THE PROBLEM> Say the data back exactly as it is written below.

(Saved data entries)
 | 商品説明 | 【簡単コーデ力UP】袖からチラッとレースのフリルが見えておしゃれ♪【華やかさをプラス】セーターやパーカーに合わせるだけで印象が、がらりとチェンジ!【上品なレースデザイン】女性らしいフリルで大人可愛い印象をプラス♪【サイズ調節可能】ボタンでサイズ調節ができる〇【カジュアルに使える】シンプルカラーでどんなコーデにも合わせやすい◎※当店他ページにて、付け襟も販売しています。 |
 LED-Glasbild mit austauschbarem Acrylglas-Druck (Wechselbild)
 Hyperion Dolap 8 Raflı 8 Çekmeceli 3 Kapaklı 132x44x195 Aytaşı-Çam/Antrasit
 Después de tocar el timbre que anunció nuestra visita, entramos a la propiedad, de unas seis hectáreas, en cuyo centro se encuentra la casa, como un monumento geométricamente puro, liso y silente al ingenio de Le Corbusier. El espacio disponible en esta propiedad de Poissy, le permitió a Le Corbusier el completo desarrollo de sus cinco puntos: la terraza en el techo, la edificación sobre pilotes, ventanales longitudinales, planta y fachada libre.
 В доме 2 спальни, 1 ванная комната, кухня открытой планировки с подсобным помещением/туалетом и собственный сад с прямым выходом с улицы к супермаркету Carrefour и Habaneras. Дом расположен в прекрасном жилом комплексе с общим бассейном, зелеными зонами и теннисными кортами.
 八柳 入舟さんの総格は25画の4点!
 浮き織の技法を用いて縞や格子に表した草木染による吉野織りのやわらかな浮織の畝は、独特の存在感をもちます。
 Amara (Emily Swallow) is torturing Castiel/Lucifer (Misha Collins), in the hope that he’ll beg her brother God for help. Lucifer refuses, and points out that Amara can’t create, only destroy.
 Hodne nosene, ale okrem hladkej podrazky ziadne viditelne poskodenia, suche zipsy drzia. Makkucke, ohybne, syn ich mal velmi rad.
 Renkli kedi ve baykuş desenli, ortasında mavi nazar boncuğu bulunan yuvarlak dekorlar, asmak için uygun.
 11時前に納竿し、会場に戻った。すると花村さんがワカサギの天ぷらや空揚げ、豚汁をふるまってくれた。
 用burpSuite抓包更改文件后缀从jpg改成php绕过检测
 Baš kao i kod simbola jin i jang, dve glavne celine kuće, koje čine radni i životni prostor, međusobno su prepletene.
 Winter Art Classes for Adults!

ANSWER FOR THE TASK>
 | 商品説明 | 【簡単コーデ力UP】袖からチラッとレースのフリルが見えておしゃれ♪【華やかさをプラス】セーターやパーカーに合わせるだけで印象が、がらりとチェンジ!【上品なレースデザイン】女性らしいフリルで大人可愛い印象をプラス♪【サイズ調節可能】ボタンでサイズ調節ができる〇【カジュアルに使える】シンプルカラーでどんなコーデにも合わせやすい◎※当店他ページにて、付け襟も販売しています。 |
 LED-Glasbild mit austauschbarem Acrylglas-Druck (Wechselbild)
 Hyperion Dolap 8 Raflı 8 Çekmeceli 3 Kapaklı 132x44x195 Aytaşı-Çam/Antrasit
 Después de tocar el timbre que anunció nuestra visita, entramos a la propiedad, de unas seis hectáreas, en cuyo centro se encuentra la casa, como un monumento geométricamente puro, liso y silente al ingenio de Le Corbusier. El espacio disponible en esta propiedad de Poissy, le permitió a Le Corbusier el completo desarrollo de sus cinco puntos: la terraza en el techo, la edificación sobre pilotes, ventanales longitudinales, planta y fachada libre.
 В доме 2 спальни, 1 ванная комната, кухня открытой планировки с подсобным помещением/туалетом и собственный сад с прямым выходом с улицы к супермаркету Carrefour и Habaneras. Дом расположен в прекрасном жилом комплексе с общим бассейном, зелеными зонами и теннисными кортами.
 八柳 入舟さんの総格は25画の4点!
 浮き織の技法を用いて縞や格子に表した草木染による吉野織りのやわらかな浮織の畝は、独特の存在感をもちます。
 Amara (Emily Swallow) is torturing Castiel/Lucifer (Misha Collins), in the hope that he’ll beg her brother God for help. Lucifer refuses, and points out that Amara can’t create, only destroy.
 Hodne nosene, ale okrem hladkej podrazky ziadne viditelne poskodenia, suche zipsy drzia. Makkucke, ohybne, syn ich mal velmi rad.
 Renkli kedi ve baykuş desenli, ortasında mavi nazar boncuğu bulunan yuvarlak dekorlar, asmak için uygun.
 11時前に納竿し、会場に戻った。すると花村さんがワカサギの天ぷらや空揚げ、豚汁をふるまってくれた。
 用burpSuite抓包更改文件后缀从jpg改成php绕过检测
 Baš kao i kod simbola jin i jang, dve glavne celine kuće, koje čine radni i životni prostor, međusobno su prepletene.
 Winter Art Classes for Adults!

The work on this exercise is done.